Souvenir


It is a quirk of the old house that the porch is often warmer in the winter than in late August. The afternoon sun slips between the neighboring houses at just the right angle, sending a cascade of warm, orange light onto the empty wall. Martha falls into the padded metal lounge chair and stares at the place where the painting should be. She tries to recreate it from memory, but for once her mind is blank. Martha sits and stares, perhaps for hours. She loses track.

By the time Fiona was diagnosed, it was too late to do anything. Against her wishes, Alice quit school to care for her. At the time Martha was in Boston, taking classes at the museum school to complete her degree. Her mother refused further help—she would not have two dropout daughters on her hands—and Martha knew she preferred to have Alice take care of her anyway. So she returned only at the end, when her pale shell of a mother was wrapped in bathrobe and propped here in the sunroom, where she died one Friday morning with her face turned toward the sun. Her last words to Martha were, “Take care of your sister.”

By the time Martha hears Alice pull into the driveway, it is dark. She has stared for so long that she can see the canvas on the wall. It looks like cracked stained glass. A face emerges slowly from the shards, the glittering emeralds and sapphires, the angry black edges. That’s when she realizes she and Alice were wrong. It is not self-portrait. It is a painting of their father. He had caught his foot in a net and thrown over the side of his boat. They never found his body.

Through the dark house, Martha hears footsteps. Alice appears in the doorway dressed in Tim’s faded red BU sweatshirt, one of their mother’s flowered skirts, and combat boots that belonged to an old boyfriend. If Alice has clothes of her own, Martha has never seen them.
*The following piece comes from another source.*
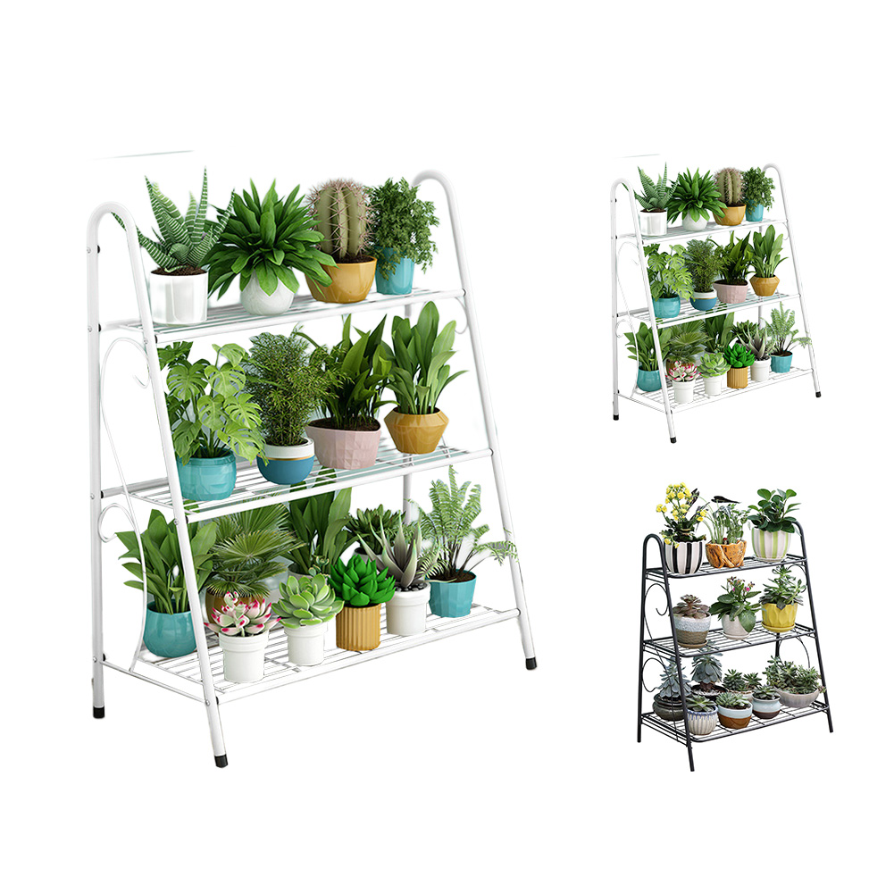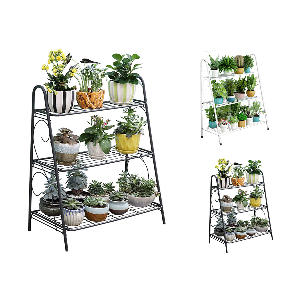 **Metall-Pflanzenständer:** Der dreistöckige Eisen-Pflanzenständer verfügt über eine hochtemperatur-beschichtete Matt-Schutzschicht, die feuchtigkeitsbeständig und rostfrei ist. Schmutzabweisend und leicht abwischbar, eignet er sich für den Einsatz in Innen- und Außenbereichen.

“You took Mom’s painting,” says Martha.

“You have to promise you won’t be mad.”

“Too late.”

“Tim found me after class,” Alice turns to flick on the overhead light. They squint at each other in the sudden brightness. “He wants you to know he’s okay. And he’s sorry.”

“Sorry for what?” Martha wants to hear Alice admit what she’s done.

Alice sighs dramatically at her sister’s oblique games. “Mom’s painting. It was the only chance he had to save the Cary Anne.”

“So it’s his boat or our painting?” Martha grips the armrest until the metal edge cuts into her palm.

“It’s not like that.”

“Then what’s it like?”

Alice’s flushed cheeks could be taken as a sign of remorse, but Martha knows her sister to be incapable of the emotion. Alice believes that it is the purity of intention that counts, especially when one of her schemes doesn’t turn out right.

“Our parents are gone, but he can still save his.”

Of course, Alice is supporting Tim in his rescue mission. She always saving something: the whales, the boat, their mother.

“But that painting was all we had.” Martha’s heart clenched inside her. “There’s nothing left of her now.”

“It’s just a painting, Marty. It’s not like it can bring her back.”

Alice has never understood that they were not just paintings to Martha.

Alice pulls a check from her back pocket and thrusts it toward her sister. Even in the dark Martha recognizes Tim’s quavering block letters and knows he is gone for good this time. He cannot face her. Unlike Alice, he knows what he has done is unforgivable.

“He gave us half,” says Alice. “It was worth more than you’d think.”

Martha shakes her head. She has never thought about how much she could get for the painting, and was foolish enough to think her sister felt the same way.

“It’s not a self-portrait, you know,” says Martha finally.

“Sure it is,” says Alice. “I remember the day she painted it.”

“It’s Dad. But you don’t remember him, do you?”